__Task to complete__: Please repeat only the lines below starting at the line that holds "Подвесной безободковый унитаз" and ending at the line that holds "本次我院共有64个项目团队开", exactly, with both of those lines included and every picture omitted.

__Task data__:
□ □ □
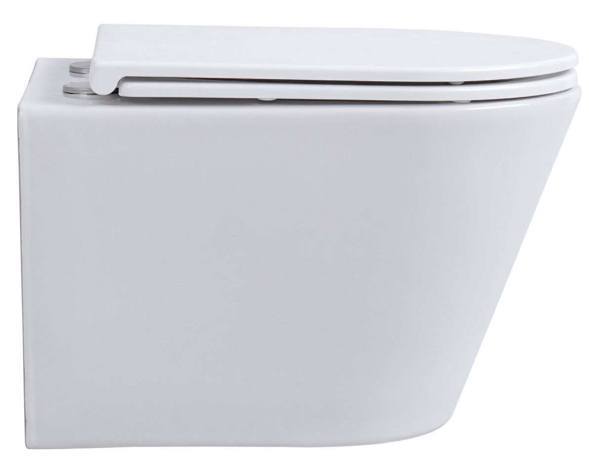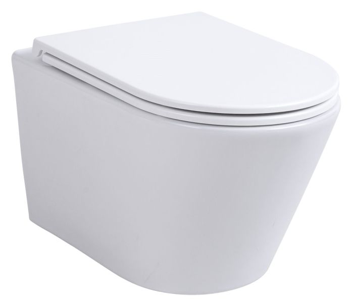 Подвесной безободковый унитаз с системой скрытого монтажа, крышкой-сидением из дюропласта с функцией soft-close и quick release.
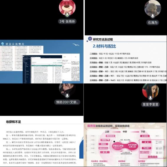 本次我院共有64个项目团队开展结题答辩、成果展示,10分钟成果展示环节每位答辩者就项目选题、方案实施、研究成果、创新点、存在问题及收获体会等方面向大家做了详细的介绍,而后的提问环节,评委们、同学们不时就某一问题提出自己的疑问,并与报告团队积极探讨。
□ □ □
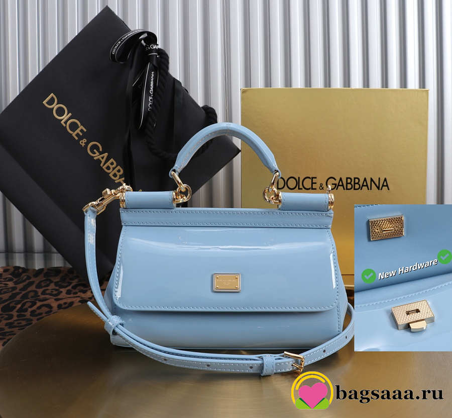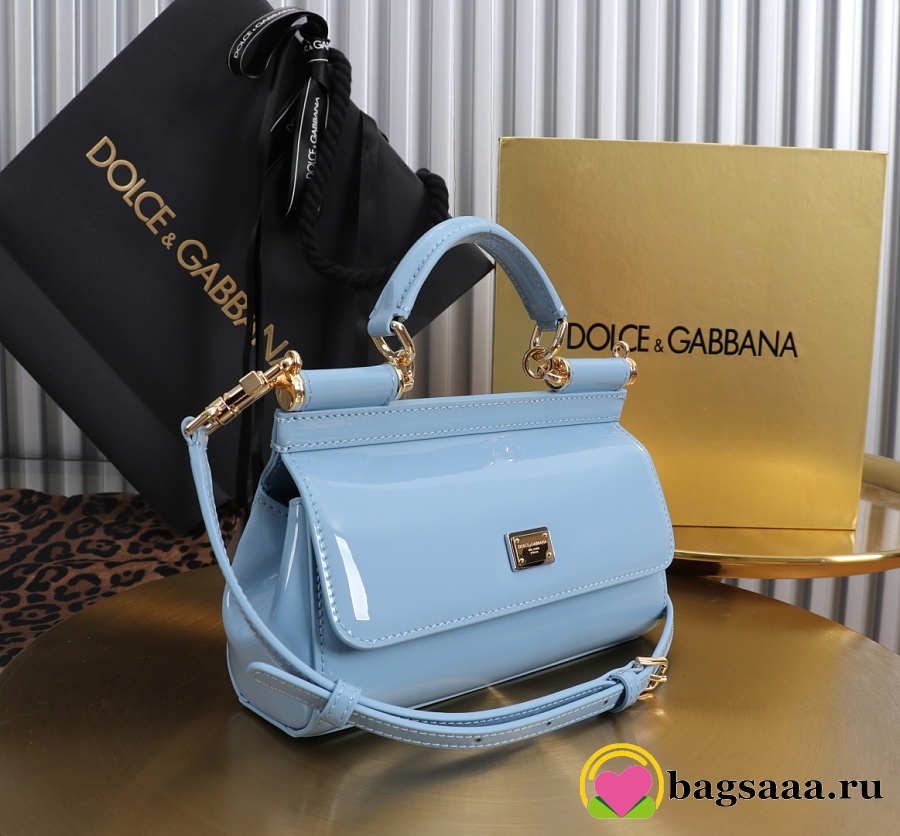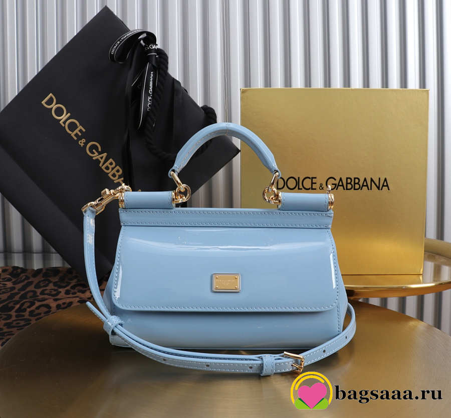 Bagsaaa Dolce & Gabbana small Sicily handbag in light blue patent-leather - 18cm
□ □ □
__Your response__:
 Подвесной безободковый унитаз с системой скрытого монтажа, крышкой-сидением из дюропласта с функцией soft-close и quick release.
 本次我院共有64个项目团队开展结题答辩、成果展示,10分钟成果展示环节每位答辩者就项目选题、方案实施、研究成果、创新点、存在问题及收获体会等方面向大家做了详细的介绍,而后的提问环节,评委们、同学们不时就某一问题提出自己的疑问,并与报告团队积极探讨。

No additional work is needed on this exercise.